Contributions: (I) Conception and design: CR Hahm, WJ Kim, Y Hong; (II) Administrative support: CR Hahm, MN Lim, SS Han, SJ Lee, WJ Kim, Y Hong; (III) Provision of study materials or patients: SS Han, SJ Lee, WJ Kim, Y Hong; (IV) Collection and assembly of data: CR Hahm, MN Lim, SS Han, SJ Lee, WJ Kim, Y Hong; (V) Data analysis and interpretation: All authors; (VI) Manuscript writing: All authors; (VII) Final approval of manuscript: All authors.

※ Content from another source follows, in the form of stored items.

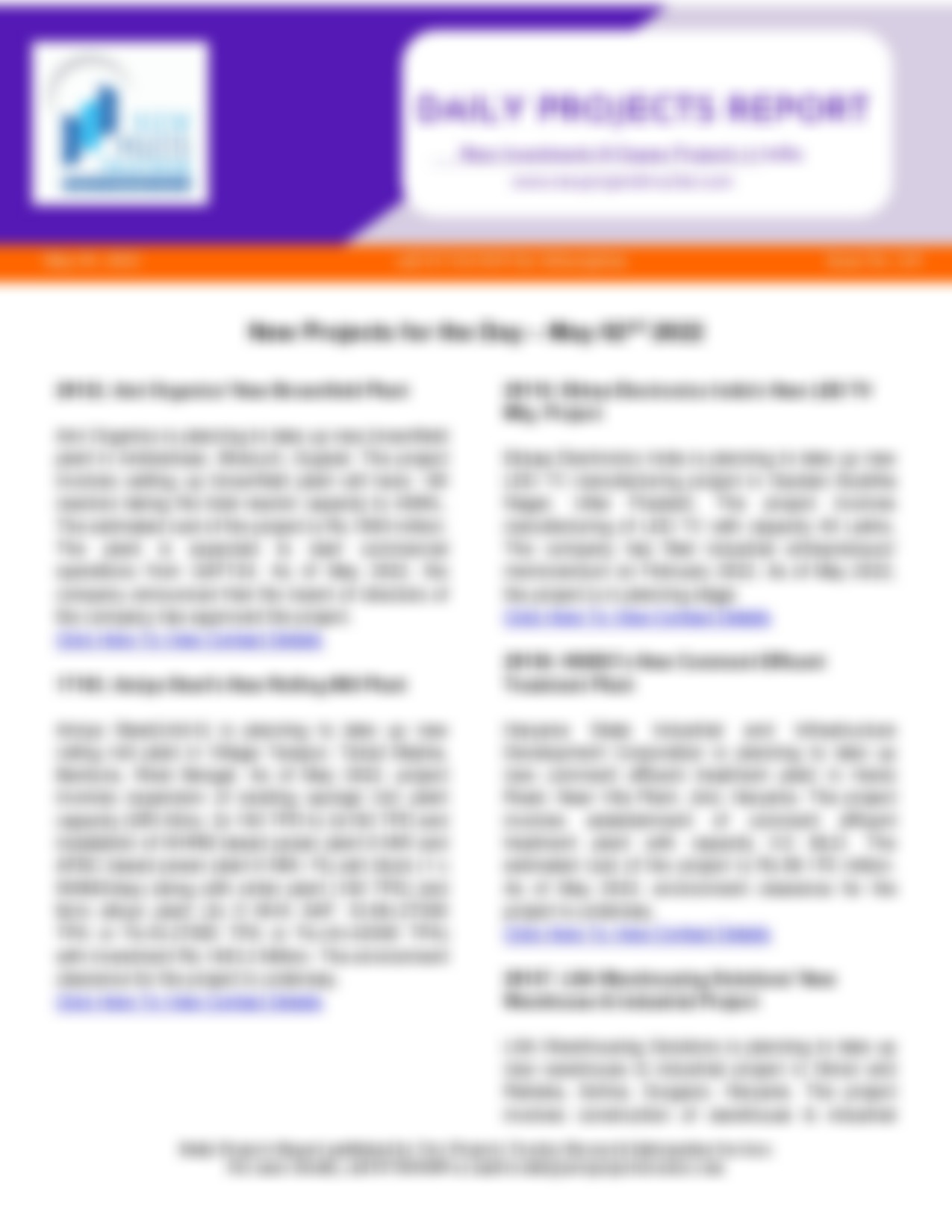 Livon Techno Foams’ New Foam Mfg. Unit Livon Techno Foams is planning to take up new foam manufacturing unit in Manoharabad, Kallakal, Medak, Telangana. The project involves setting up foam manufacturing unit with…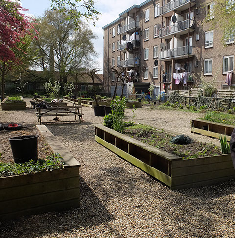 behalve dat de tuin wel toegankelijk is. Daar is het geen park, maar een moestuin. In bakken worden verschillende groenten verbouwd. De bewoners kweken zelf hun groenten, en door middel van deze moestuin komen ze ook met elkaar in contact. Cascoland heeft ook ooit een mobiele moestuin bedacht: een aanhanger waar potten in konden staan, en ik geloof dat er nog meer verschillende functies waren. Er waren ook tafels en banken die ernaast konden worden gezet.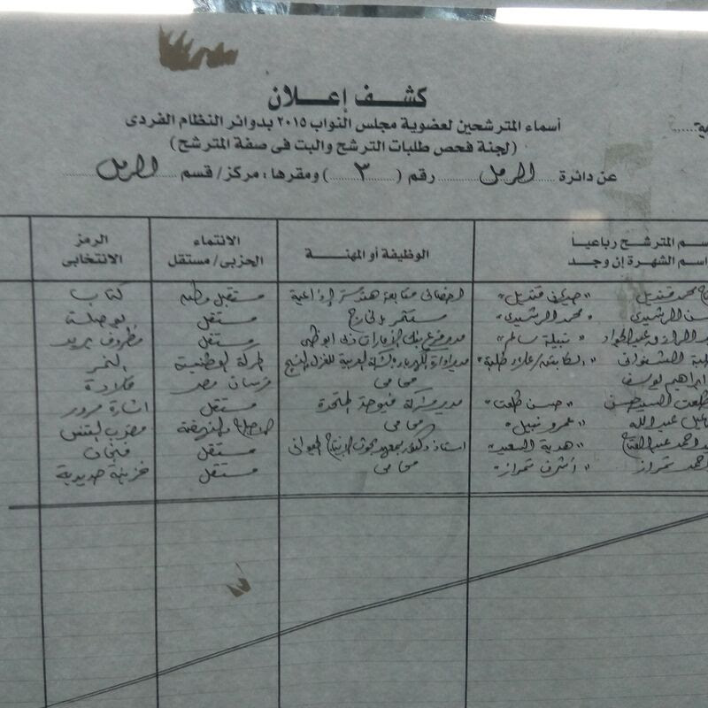 كما أعلن أن عدد المرشحين المقبولين بلغ 391 مرشحا، من أصل 414 تقدموا أوراقهم إلى اللجنة بـ10 لجان عامة، مما يعني أن عدد المرشحين المرفوضين بلغ 23 مرشحا فقط.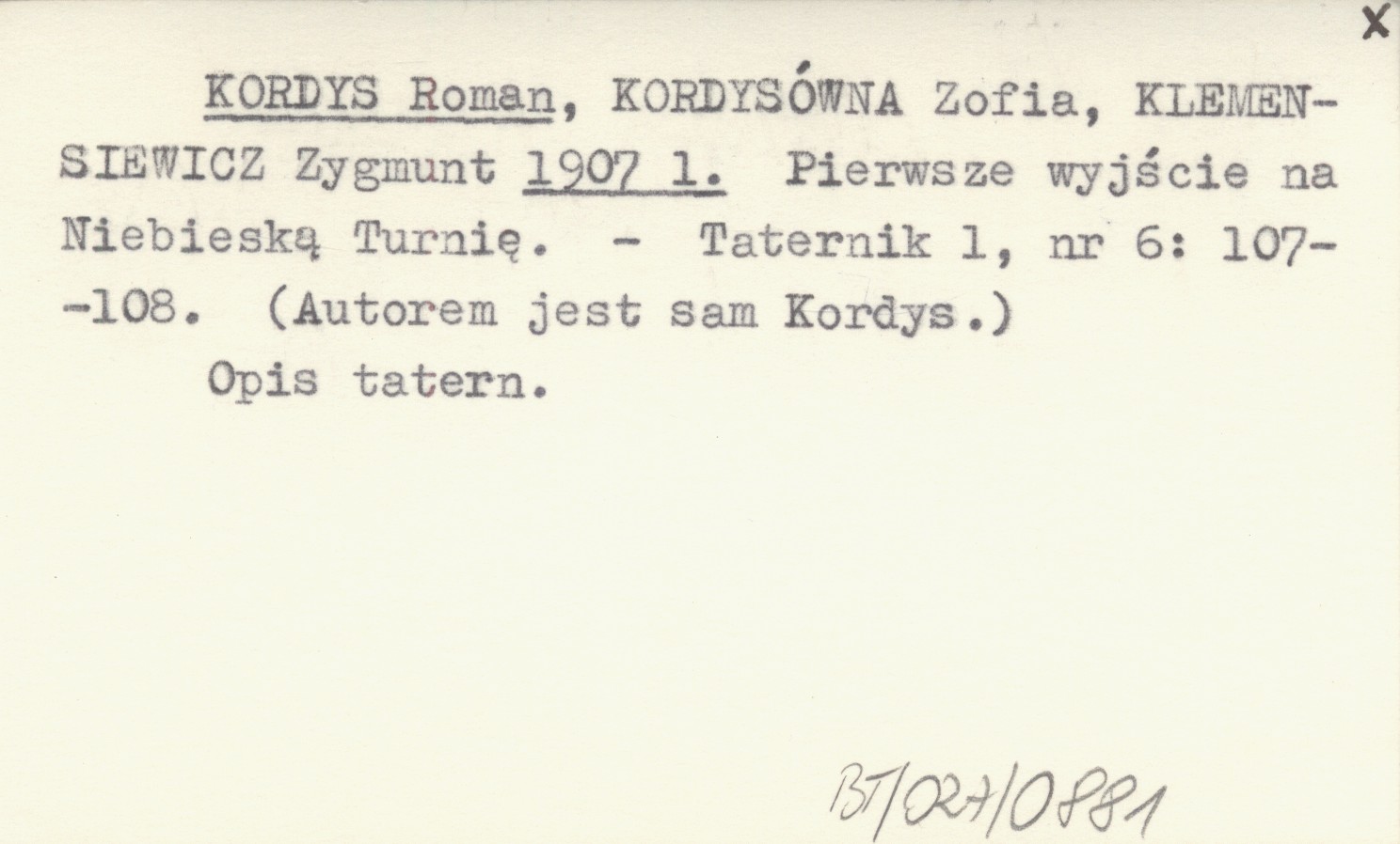 KORDYS Roman KORDYSÓWNA, Zofia. ; KLEMENSIEWICZ, Zygmunt. ; 1907 l Pierwsze wyjście na Niebieską Turnię.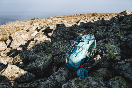 A hiking backpack lies on the rocks, a mountain trip, a single trekking, a bowl with things for a hike, a blue backpack. high quality photo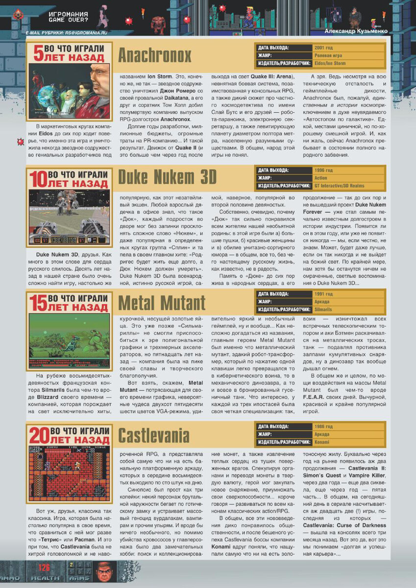 Что писали в Игромании об Anachronox, Duke Nuken 3D, Metal Mutant и Castelvania через (уже тогда) много лет с их выхода? Продолжаем рубрику «История в квадрате». Ваши подписки и комментарии согреют меня пуще всех свечей монастырских 🌟 Пишите, что любо вам, а что нет в заметках сих, поправляйте ошибки досадные да предлагайте идеи смелые. Будем сочиняти повесть игровых лет вместе 🙏 А еще подписываетесь на канал Летописца в Telegram, где старец разыгрывает игровую классику и прочие призы славные, ценные 🙀
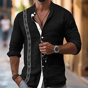 男性用 シャツ バンドカラーシャツ サマーシャツ ビーチウェア ボタンアップシャツ 平織り アウトドア バケーション ブラック ホワイト ブルー グリーン 長袖 折襟 春 & 秋 衣類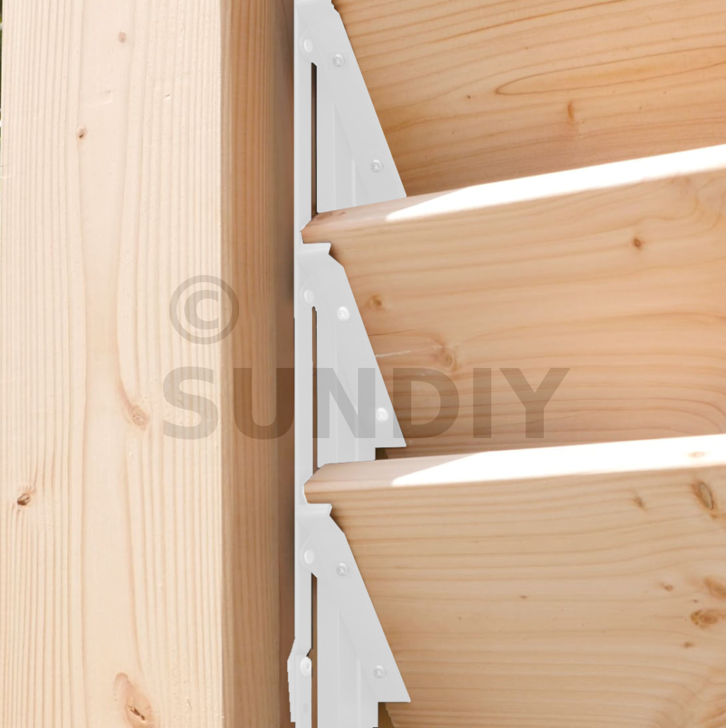 Les mécanismes du système SUNDIY sont pourvus de perforations conçues pour la fixation des lames par le dessus. Cette méthode de fixation est indispensable pour les lames en BOIS, elle garantit leur maintien en place.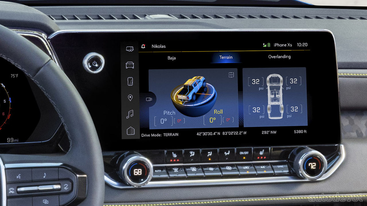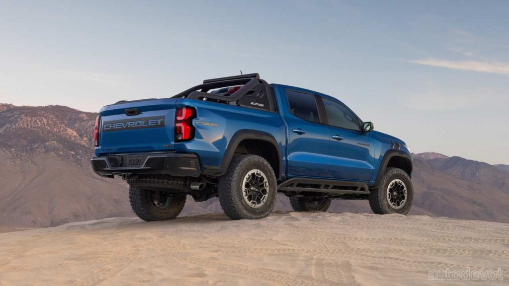 Moving on to the juicy bits of the story, there’s gonna be a 2.7-litre 4-cylinder turbo petrol engine with varying output figures depending on the trim. In the WT and LT trims, it’s gonna offer 177 kW (237 bhp/241 metric hp) and 351 Nm (259 lb-ft). For Z71 and Trail Boss, the output figures are gonna be 231 kW (310 bhp/314 metric hp) and 529 Nm (390 lb-ft). And as for the ZR2, the power output is gonna be the same 231 kW (310 bhp/314 metric hp), but the torque will be 583 Nm (430 lb-ft). The engine is coupled with an 8-speed automatic transmission.

Correspondence to: Yoonki Hong. Department of Internal Medicine and Environmental Health Center, Kangwon National University Hospital, 156 Baengnyeong-ro, Chuncheon-si, Gangwon-do, Korea. Email: h-doctor@hanmail.net.

Background: Identifying markers for predicting the course and outcome of chronic obstructive pulmonary disease (COPD) remains important. The relative pulmonary artery enlargement to aorta ratio (PA-A ratio), which is measured using computed tomography (CT), is a reported predictor for COPD exacerbation and mortality. However, little is known about the implications of the PA-A ratio in patients with mild COPD.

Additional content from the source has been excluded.